The features are then reshaped into a tensor with shape $\left( {B,n \times C_{h} ,H_{j} \times W_{j} } \right)$, and the dimensions are rearranged to $\left( {H_{j} \times W_{j} ,B,n \times C_{h} } \right)$ to match the input requirements of the Transformer encoder. After passing through the Transformer encoder, the features integrate global context information, yielding the encoded output, which is given as follows:

$$F_{j}^{{{\text{out}}}} = {\text{TransformerEncoder}}\left( {F_{j} } \right)$$

(16)

where $F_{j}^{{{\text{out}}}} \in {\mathbb{R}}^{{H_{j} \times W_{j} \times B \times (n \times C_{h} )}}$ contains the multi-scale global context information.

The output features are then restored to the original spatial dimensions $(B,n \times C_{h} ,H_{j} ,W_{j} )$, and an averaging operation is performed across the encoding layers to obtain the fused feature map, the calculation is:

$$\hat{F}_{j} = \frac{1}{n}\mathop \sum \limits_{i = 1}^{n} F_{j,i}$$

(17)

where $\hat{F}_{j} \in {\mathbb{R}}^{{C_{h} \times H_{j} \times W_{j} }}$ is the fused feature map, and $F_{{\left( {j,i} \right)}}$ denotes the fused result from the i-th encoding layer.

The fused feature $\hat{F}_{j}$ is then processed using a 1 × 1 convolution, batch normalization, and ReLU activation to match the required channel count $C_{j}$, resulting in the final output feature map $O_{j}$, which is given as follows:

$$O_{j} = {\text{ReLU}}\left( {{\text{BN}}\left( {{\text{Conv}}_{1 \times 1} \left( {\hat{F}_{j} } \right)} \right)} \right)$$

(18)

where $O_{j} \in {\mathbb{R}}^{{C_{j} \times H_{j} \times W_{j} }}$ is the generated decoder feature map.

Within the Transformer module, we use the multi-head self-attention mechanism to model the complex dependencies between features. Let the input feature representation be $F$, where $F \in {\mathbb{R}}^{L \times B \times d}$ and $L = H_{j} \times W_{j}$. The core computation for multi-head self-attention is:

$${\text{Attention}}\left( {Q,K,V} \right) = {\text{Softmax}}\left( {\frac{{QK^{T} }}{\sqrt d }} \right)V$$

(19)

where $Q = FW_{Q}$, $K = FW_{K}$, and $V = FW_{V}$, and $W_{Q} ,W_{K} ,W_{V} \in {\mathbb{R}}^{d \times d}$ are the linear transformation weight matrices for the query, key, and value, respectively. As shown in Fig. 7.

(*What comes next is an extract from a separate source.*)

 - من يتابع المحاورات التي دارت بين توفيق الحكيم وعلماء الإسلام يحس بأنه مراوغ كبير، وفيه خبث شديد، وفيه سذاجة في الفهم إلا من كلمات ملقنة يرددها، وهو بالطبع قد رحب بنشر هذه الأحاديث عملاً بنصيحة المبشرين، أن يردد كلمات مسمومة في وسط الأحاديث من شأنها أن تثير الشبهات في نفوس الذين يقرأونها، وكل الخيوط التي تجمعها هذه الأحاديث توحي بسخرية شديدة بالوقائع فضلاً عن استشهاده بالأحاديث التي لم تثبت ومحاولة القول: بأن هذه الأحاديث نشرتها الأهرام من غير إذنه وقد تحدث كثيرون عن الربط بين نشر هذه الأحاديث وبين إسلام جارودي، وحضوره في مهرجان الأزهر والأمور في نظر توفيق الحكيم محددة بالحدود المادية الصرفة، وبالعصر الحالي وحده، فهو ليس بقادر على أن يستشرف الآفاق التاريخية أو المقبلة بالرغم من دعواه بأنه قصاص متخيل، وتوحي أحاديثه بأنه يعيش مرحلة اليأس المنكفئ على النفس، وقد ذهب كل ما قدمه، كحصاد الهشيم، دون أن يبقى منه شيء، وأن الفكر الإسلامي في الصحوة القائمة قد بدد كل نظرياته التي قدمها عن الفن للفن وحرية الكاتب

While FN-Hub employs a standard Transformer encoder, its design addresses the data requirements typically associated with Transformer architectures through several key aspects.

First, unlike Vision Transformers that process raw images and must learn visual representations from scratch, FN-Hub operates on pre-extracted encoder features containing rich semantic information. This shifts the learning task from pixel-to-semantic mapping to feature relationship modeling, substantially reducing data requirements.

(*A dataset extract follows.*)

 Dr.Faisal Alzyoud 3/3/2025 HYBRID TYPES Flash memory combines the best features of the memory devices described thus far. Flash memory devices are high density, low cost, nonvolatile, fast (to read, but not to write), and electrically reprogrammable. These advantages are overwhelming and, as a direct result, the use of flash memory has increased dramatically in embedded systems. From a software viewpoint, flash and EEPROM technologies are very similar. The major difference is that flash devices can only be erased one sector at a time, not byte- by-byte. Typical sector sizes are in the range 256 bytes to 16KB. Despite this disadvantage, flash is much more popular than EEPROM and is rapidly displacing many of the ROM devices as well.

Second, FN-Hub applies Transformer only at the decoding stage for multi-scale feature integration, rather than replacing the entire architecture. This design inherits the inductive biases (locality and translation invariance) from the pre-trained CNN encoder while maintaining parameter efficiency. The Transformer component builds upon learned representations rather than learning from scratch.

Recent literature validates Transformer-based attention mechanisms on small-scale retinal datasets. Lin et al. ¹⁴, Lv et al. ³⁸, and Chen et al. ³⁷ successfully applied similar approaches on datasets of identical scales (DRIVE: 40, CHASE: 28, STARE: 20 images).

Experiment

Datasets

In our experiments, we utilized the DRIVE, CHASE_DB1, and STARE datasets for training and testing. These three datasets are publicly available and serve as standard benchmarks for retinal vessel segmentation, as shown in Fig. 8.

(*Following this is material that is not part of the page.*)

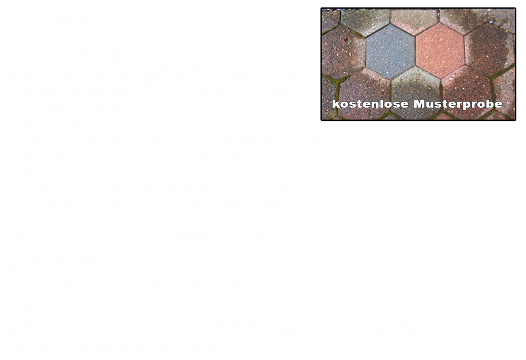 Wir reinigen, sanieren und pflegen Steinflächen von Hofeinfahrten, Terrassen, Gartenwege und Mauern aus Betonstein, Waschbetonplatten, Klinker, aber auch Hartgesteine und Natursteine aus Sandstein, Granit u.v.m. rund ums Haus.

The DRIVE dataset consists of 40 RGB color fundus images, each with a resolution of 565 × 584 pixels. We divided the dataset into training and validation sets in an 80:20 ratio, using the official training set for the split, while the remaining 20 images were kept as the test set.

The CHASE_DB1 dataset contains 28 RGB color fundus images, with a resolution of 999 × 960 pixels. We assigned the first 14 images to the training set, the following 6 images to the validation set, and the remaining 8 images to the test set.

The STARE dataset comprises 20 RGB color fundus images, each with a resolution of 700 × 605 pixels. We divided the dataset in a 70:20:10 ratio, with the first 10 images used for training, the next 4 for validation, and the remaining 6 for testing.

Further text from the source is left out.